Incredible design and build.... How much would you charge me for one?

~tom


----------



## Bill Wyko (Feb 25, 2011)

Thanks very much everyone. 
I get between 200 & 250 depending on the wood but I usually trade 1/2 the price for good cigars.:thumbsup:


----------



## john lucas (Sep 18, 2007)

beautiful job. I'm like the others I'd cringe if I saw someone put out a cigar in that. What finish did you use? 
My good friend who is a cigar smoker went to a restaurant. At the end of dinner they came around and asked if he would like a cigar. He said sure, not asking the price. When he checked out it was more expensive than the dinner.


----------



## ACP (Jan 24, 2009)

So cool! I love seeing something I haven't seen done before. What kind of finish do you put on it that will resist the heat? How do you do the cigar holders? Do you use a core box bit and a jig of some kind? However you do it, nice work!


----------



## wildwood (Jan 25, 2011)

I really like that outstanding cigar ashtray.

Too bad do not have some of these pens to set in the ash tray.

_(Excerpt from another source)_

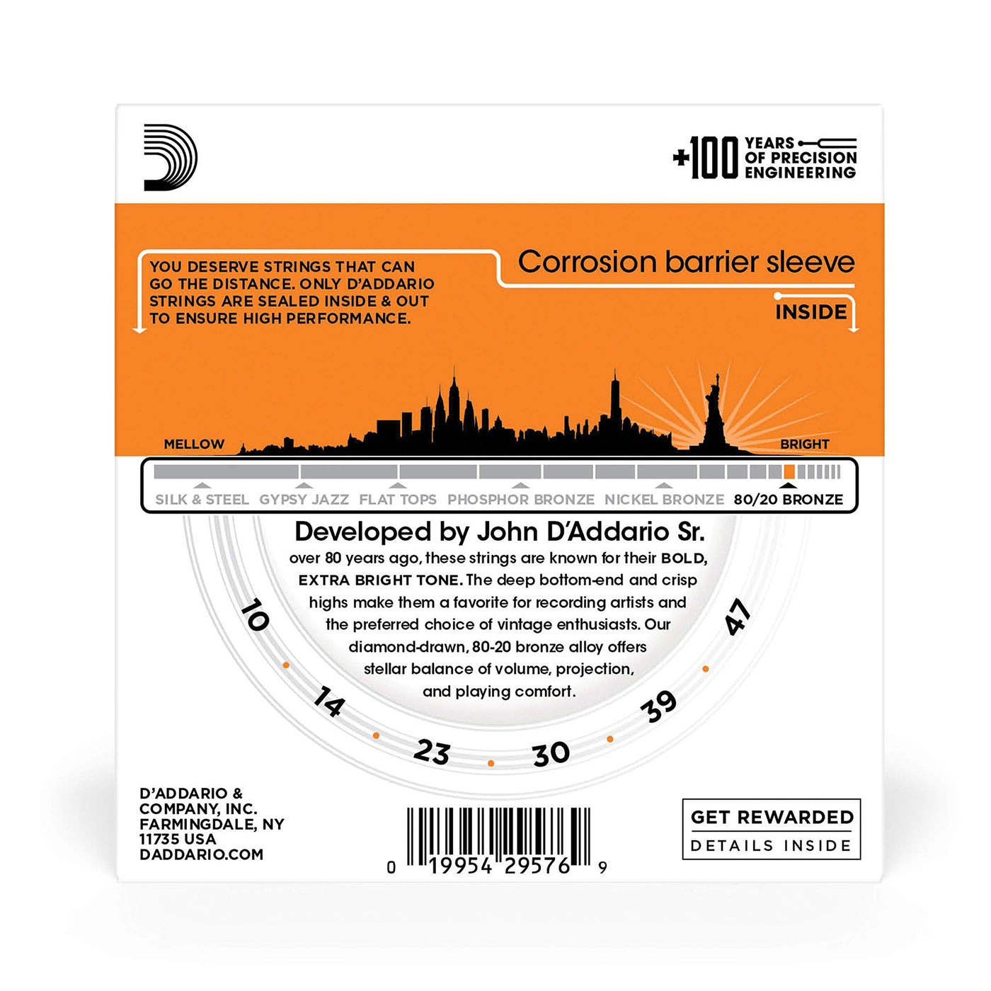 8020 Bronze Are Our Brightest Acoustic Strings, Made To Give Your Guitar An Unparalleled Shine These Bold Sounding Strings Were Developed By John Daddario Sr And Guitar Maker John Dangelico In The 1930S, And Have Been Beloved For Their Sparkling, Trebly Tone Ever Since Made With A High Carbon Steel Core And 8020 Bronze Wrap Wire, 8020 Acoustic Strings Offer Remarkable Depth, Along With Rich, Bright Harmonics, And Powerful Projection These 10-47 Extra Light Gauge Strings Are Easy To Play And Easy To Bend
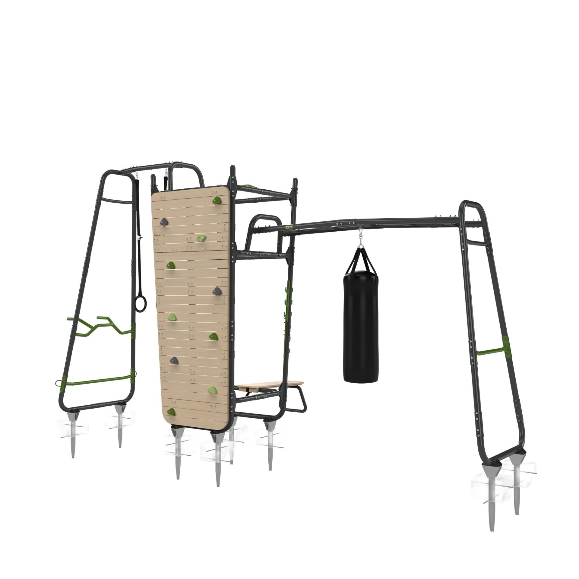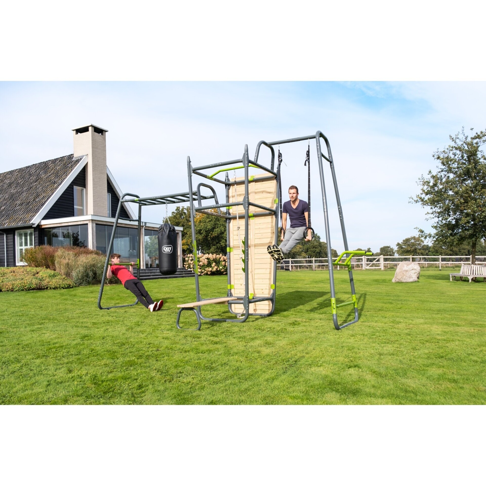 De EXIT GetSet PS620 is een fitnessrek van ruim zes meter voor buiten. De volgende accessoires zijn inbegrepen: oefenstang, bokszak, fitnessbank, haltersteunen, pull-up stang, klimtouw, kunststof turnringen, push-up stang, dip station, battle rope ringen, klimwand en handgrepen. Deze extra uitgebreide uitvoering is multifunctioneel en biedt volop uitdaging voor sportieve 14-plussers en volwassenen. Haal de sportschool naar jouw huis met de GetSet PS620!

http://www.penturners.org/forum/showthread.php?t=71468&highlight=cigar+label+pens

http://www.penturners.org/forum/showthread.php?t=71468&highlight=cigar+label+pens

http://www.penturners.org/forum/showthread.php?t=71198&highlight=cigar+label+pens


There are more exciting examples just got tired of looking for them.


----------



## fischer18 (Mar 6, 2011)

Quite stunning to think that there are that many peices in it and the time that you have put into the peice. I could not even imagine try to cut all those peices and fit them perfectly together. I think I will stick to less than 10 peices for something...haha. Very nice though.


----------



## Bob Willing (Jul 4, 2008)

That is an outstanding work of art, I only hope who ever uses it has a glass insert to protect your work of art. Do you have any advice where to get plans for a humidor? My neighbor would like me to make one for him out of spanish cedar.


----------



## owlelope (Jan 29, 2009)

Bill,

Nice ashtray. I am interested in how you did the glue up for the bottom. 

Rod


----------



## firehawkmph (Apr 26, 2008)

Beautiful Bill, simply beautiful.
Mike Hawkins


----------



## txpaulie (Jul 21, 2010)

That is an awesome piece...:thumbsup:

Anybody who put ashes or a cigar in it at my house, would get their "i" dotted.:yes:

p


----------



## Longknife (Oct 25, 2010)

Absolutely amazing! Incredible skilled work with the lamination. I just hope there won't be any cigarash in that one :no:


----------



## robert421960 (Dec 9, 2010)

words just can't say enough,man thats great!!!!:thumbsup:


----------



## jdixon (Nov 21, 2007)

That is really nice. Beautiful work. Hopefully there will be a glass insert for this.

John


----------



## Bill Wyko (Feb 25, 2011)

Thanks so very much everyone.
It's actually my secret goal when I make them. Test the client to see if they have the berrys to put an ash in it.:laughing: I use automotive clear coat for the finish. I haven't had anyone contact me to refinish one yet. 
As far as the pens go, those are awesome!!! I have a post here asking for help in getting started in pen turning. When I build a humidor, it would be great to send it with a complimenting pen as a little surprise. I'm really going to have to step it up on pen turning. 
I have a few other turnings I'll have to post. One segmented vessel I did has 1495 individual pieces. Drove me batty building it. It did win the wood turners challenge on FWW website a while ago.


----------



## Kenbo (Sep 16, 2008)

Wow!!! That is awesome. I love the segments, and the shape and the finish. Great choice of woods and definitely a great execution of a fantastic project. Thanks for sharing this one. I'm in awe.


----------



## Bill Wyko (Feb 25, 2011)

I'm no pro at this but I'm happy to help any way I can if anyone wants to try segmenting. Thanks again.


----------



## Barry Ward (Mar 22, 2008)

WOW,that is awesome.I do believe a tear would come to my eye if I saw somebody put ashes in that   maybe :gunsmilie:


----------



## Michael Short (Nov 10, 2007)

That is one great looking ash tray. Thanks for posting.


----------



## prestonbill (Oct 27, 2010)

WOW BEAUTIFUL :thumbsup:


----------